Dans un de mes textes pour mon cours en économie on utilise le verbe "prévoir", suit par infinitif sans une préposition.
"La quantité offerte est la quantité de biens et de services que les producteurs* prévoient vendre *à un prix déterminé et dans une période donnée. Est-ce que c'est une erreur?


----------



## Nicomon

Salut SnaziJ.

À mon avis, non, ce n'est pas une erreur.   Du moins, pas au Canada.
Tu peux relire la citation de la BDL (avec lien vers la page) au post 5.

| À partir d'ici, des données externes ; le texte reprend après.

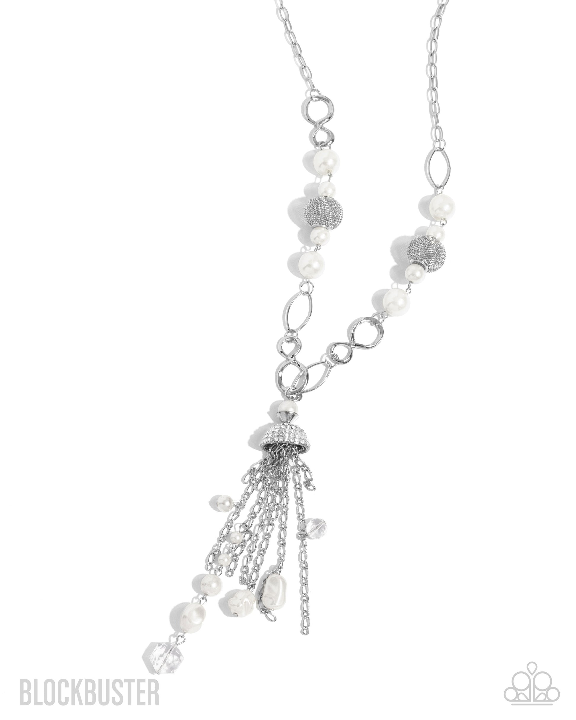 A half-shell studded in rhinestones overhangs a cluster of ivory pearls, tassels of silver chain, and small crystals. Two large wire mesh spheres and larger ivory pearls decorate the neckline.
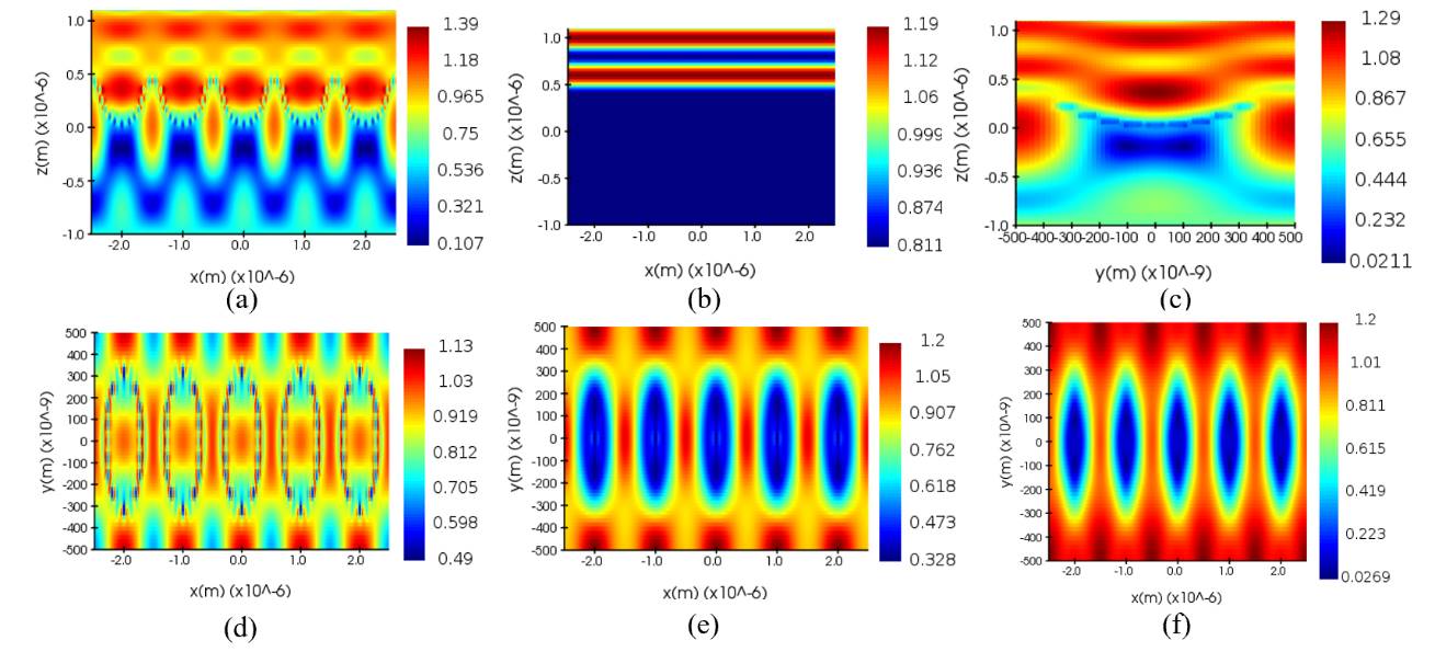 Figure 10. (a) Experimental group 2 x-z plane; (b) The x-z plane simulated electric field distribution in the control group; (c) y-z plane simulated electric field distribution; (d) (e) (f) The x-y plane simulated electric field distribution at z = 200 nm, z = 0 nm, and z = −200 nm, respectively

J'ajoute celle-ci, extraite de *Termium* : 





> * Prévoir + de + infinitif*
> Avec l’infinitif, *prévoir* se fait suivre en principe de la préposition *de* : _J’ai prévu de partir vers trois heures._ Certains ouvrages considèrent cette construction comme vieillie, d’autres l’estiment tout à fait correcte. Dans l’usage canadien, *prévoir* est souvent suivi directement de l’infinitif, sans préposition.


 Et celle-ci, extraite d'Antidote : 





> Prévoir de (+ infinitif) : Je prévois d’arriver après-demain.
> Prévoir (+ infinitif) : QUÉBEC – Je prévois arriver après-demain.


 Comme je vois Canada dans ton profil,  je ne suis pas étonnée de lire _prévoient vendre_.
L'auteur aurait pu dire aussi :_ comptent vendre_. 

Il est *très* clair que Maître Capello, qui a mis un n'est pas du tout du même avis.  Mais ici, personne ne va te regarder de travers si tu n'ajoutes pas ce « de ».
Pas plus si tu l'ajoutes, d'ailleurs.    On est plus flexibles.


----------